30.6.19

A lei da hospitalidade



«Toda a gente tem a noção de que alguns povos antigos, em especial os gregos antigos, acreditavam na hospitalidade, em acolher o outro, incluindo, em determinadas circunstâncias, os estrangeiros. Era uma hospitalidade de curta duração, geralmente entre pessoas iguais. Mais difícil, mais louvável, é receber gente em situação muito desigual, por tempo indeterminado ou a título definitivo.

O estrangeiro, quer dizer, o estrangeiro sem nada de seu, com a roupa do corpo apenas ou a casa às costas, é visto hoje como um intruso. Vem perturbar as sociedades ocidentais com os seus males e deixa-nos inquietos quanto ao seus costumes, quanto aos perigos que representa. Não conheço uma única solução coerente e completa para o problema actual das migrações, mas sei que nessa transição da antiga hospitalidade doméstica para a moderna hospitalidade política há um princípio que não devíamos desprezar, um princípio a que Kant chamou “o direito de não ser tratado como um inimigo”, e que aqui funciona como uma espécie de cosmopolitismo dos pobres.

Há, entre os migrantes, inimigos do modo de vida europeu? Há, como há cidadãos europeus inimigos desse modo de vida. Mas a pergunta sobre “o que é a Europa” tem forçosamente resposta em Vintimille, Tempelhof, Tompa, Calais, Lesbos, Lampedusa, nos campos e aeroportos, nas águas do Mediterrâneo que já não são as de um livro de Braudel em conversas da burguesia culta, mas antes barcos, barquinhos, barcaças. Barcos frágeis, ilegais, a transbordar, barcos de “indesejáveis”, migrantes, exilados, refugiados, os boat people deste século, fugidos da fome, da guerra, da tirania. Neste contexto, a decisão de hospitalidade é antes de mais uma constatação acerca da vulnerabilidade humana, como escrevem Fabienne Brugère e Guillaume Le Blanc em “La fin de l’hospitalité”, usando a imagem de um desconhecido que nos toca à porta a meio da noite pedindo ajuda.

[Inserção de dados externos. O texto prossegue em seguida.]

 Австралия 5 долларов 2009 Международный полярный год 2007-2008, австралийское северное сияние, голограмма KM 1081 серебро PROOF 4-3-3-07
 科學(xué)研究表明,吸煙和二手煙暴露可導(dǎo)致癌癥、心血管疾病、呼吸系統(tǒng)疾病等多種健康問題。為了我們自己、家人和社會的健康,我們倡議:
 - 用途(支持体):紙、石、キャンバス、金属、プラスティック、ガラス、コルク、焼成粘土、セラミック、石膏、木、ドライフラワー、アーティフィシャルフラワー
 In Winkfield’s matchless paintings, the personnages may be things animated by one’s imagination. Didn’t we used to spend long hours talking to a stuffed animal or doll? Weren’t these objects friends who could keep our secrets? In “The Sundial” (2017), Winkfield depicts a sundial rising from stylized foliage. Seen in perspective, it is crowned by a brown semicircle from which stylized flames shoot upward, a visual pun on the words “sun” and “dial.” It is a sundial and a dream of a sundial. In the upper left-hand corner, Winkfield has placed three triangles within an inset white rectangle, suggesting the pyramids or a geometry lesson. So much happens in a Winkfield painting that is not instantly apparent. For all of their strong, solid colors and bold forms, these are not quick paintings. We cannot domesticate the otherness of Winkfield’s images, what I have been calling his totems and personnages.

Um “direito de hospitalidade” irrestrito é impraticável, mas que se tenha concebido um “delito de hospitalidade” também me parece inconcebível. Há uma dimensão ética na hospitalidade que vai além do doméstico e é anterior à política. É a decisão de auxílio ao refugiado e de hospitalidade ao migrante. Um português que não entenda isto não respeita o nosso passado colectivo. Um cristão que seja contra isto é um cristão absurdo. A Bíblia, aliás, dedica várias passagens a histórias de acolhimento de estrangeiros, como, no Antigo Testamento, a escrava Agar, de quem Abraão teve Ismael, episódio que alguns autores lêem como uma possibilidade de tréguas entre árabes e judeus. Ou como, no ‘Livro dos Reis’ e em Lucas, o general sírio Naamã, inimigo dos israelitas, que o profeta Eliseu escolheu, curando-o da lepra. Estas histórias, não isentas de conflitos bem explicitados, mostram que o “outro” deve ser aceite, deve ser salvo, mesmo quando isso é incómodo ou inconveniente.

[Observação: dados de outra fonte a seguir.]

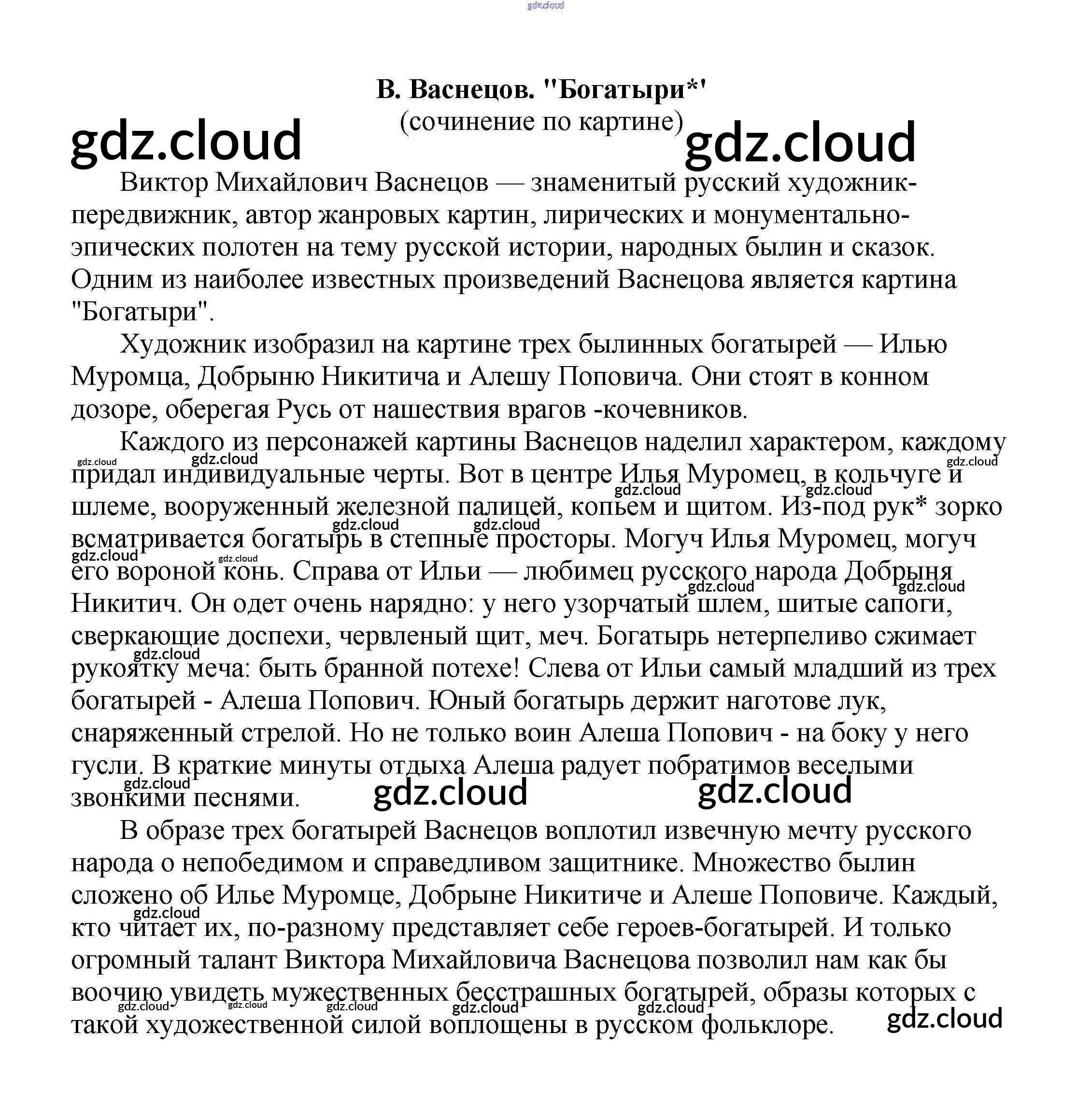 Ответ на задание В. Васнецов. "Богатыри*' (сочинение по картине) Сочинения Литература за 5, 6, 7, 8, 9, 10 (пятый, шестой, седьмой, восьмой, девятый, десятый) класс Белик, Музычук 2017
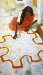 夕方に横須賀で所用があったため、近隣の美術館を探していたところ、ちょうどとらさんのブログを拝見し、朝から出かけることにした。逗子の駅から、バスに乗る。昔ながらの細い道を海の景色を眺めながら行くと20分くらいで、美術館前に着く。海の光景を取り入れた美しい美術館だった。秋野不矩は天竜、今は浜松市に生まれた。連れ合いの実家から天竜川を30分くらい遡ったところに、藤森照信設計の美術館があり、今まで何回か訪ねたことがある。こちらは、緑の山に建ったインドの香りのするステキな美術館である。さて、今回の展覧会。私はインドなぞ訪れたことはないのだが、実際にインドの片田舎の街に迷い込んだような、そして、暑さでぼうっとかすんだ風景を眺めているようなリアルな感覚にどっぷりと浸ることができた。そして、本当に静か。インドって、もっと人々がうごめいていそうな感じなのだが、秋野不矩の描くインドの光景はひたすら静かである。たとえそこに人が描かれていても、彼女は声を発しない。動物が描かれていても、実態のない幻のようである。今回の展覧会では「黄色」の魅力にとりつかれた。黄色い大地、黄色い壁、黄色い回廊、黄色い川、黄色い空・・・・ガンガーと題された絵は2点あった。どちらも聖なる川ガンジス川を渡る水牛の群れ。特に1,999年作の金色に輝くガンジス川は、一度眺めたら目を離すことが出来ない。そこに描かれているのは「永遠」であると感じた。まだ戦前の若い頃に描いた作品も、ああ、伝統的な日本画だと感じられて清々しかった。思いがけず出かけた展覧会で、深い感動を覚えることが出来た。数多く美術館に出かけているが、こんな体験は滅多にない。今年の展覧会の五本の指に入るであろう。目の前に山口蓬春記念館があったのだが、時間の関係で行くのを諦め、横須賀美術館へ向かった。
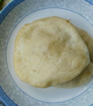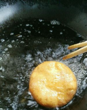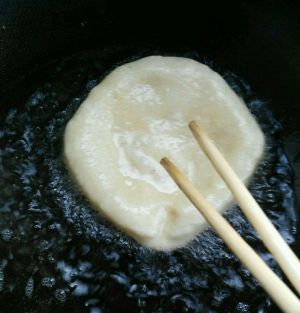 锅中放油加热,冒烟关小火,将饼胚放入锅内,用筷子轻敲其发面,膨起时快速翻面。
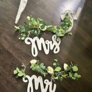 Mr & Mrs Sweetheart Table Wedding Chair Decor with Faux Greenery & Flowers
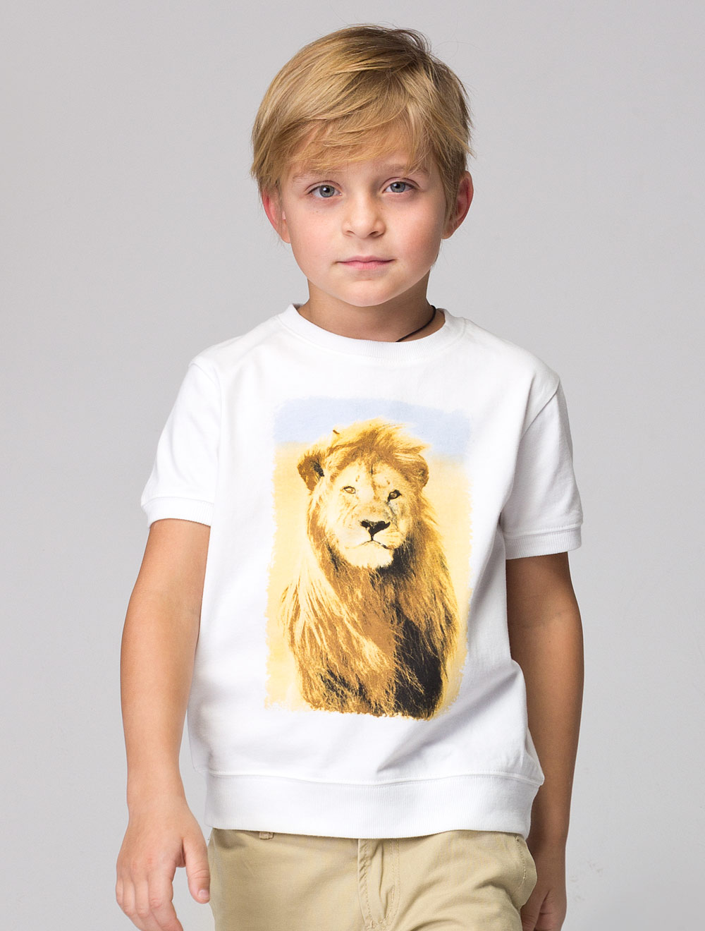 Описание: Футболка из хлопкового трикотажа, декорированная фото-принтом "лев". Низ изделия на кокетке.

A questão das migrações não é decerto da ordem da evidência, mas depende de algumas evidências, como a comum humanidade, a comum fragilidade, o dever de auxílio. Há decisões a tomar pelos governos europeus, jurídico-diplomáticas, laborais, habitacionais, de tolerância e convivência, de segurança e defesa, e não subscrevo os idealismos que negam essas dificuldades; mas inquieta-me que tantos europeus prefiram as leis da hostilidade às leis da hospitalidade.»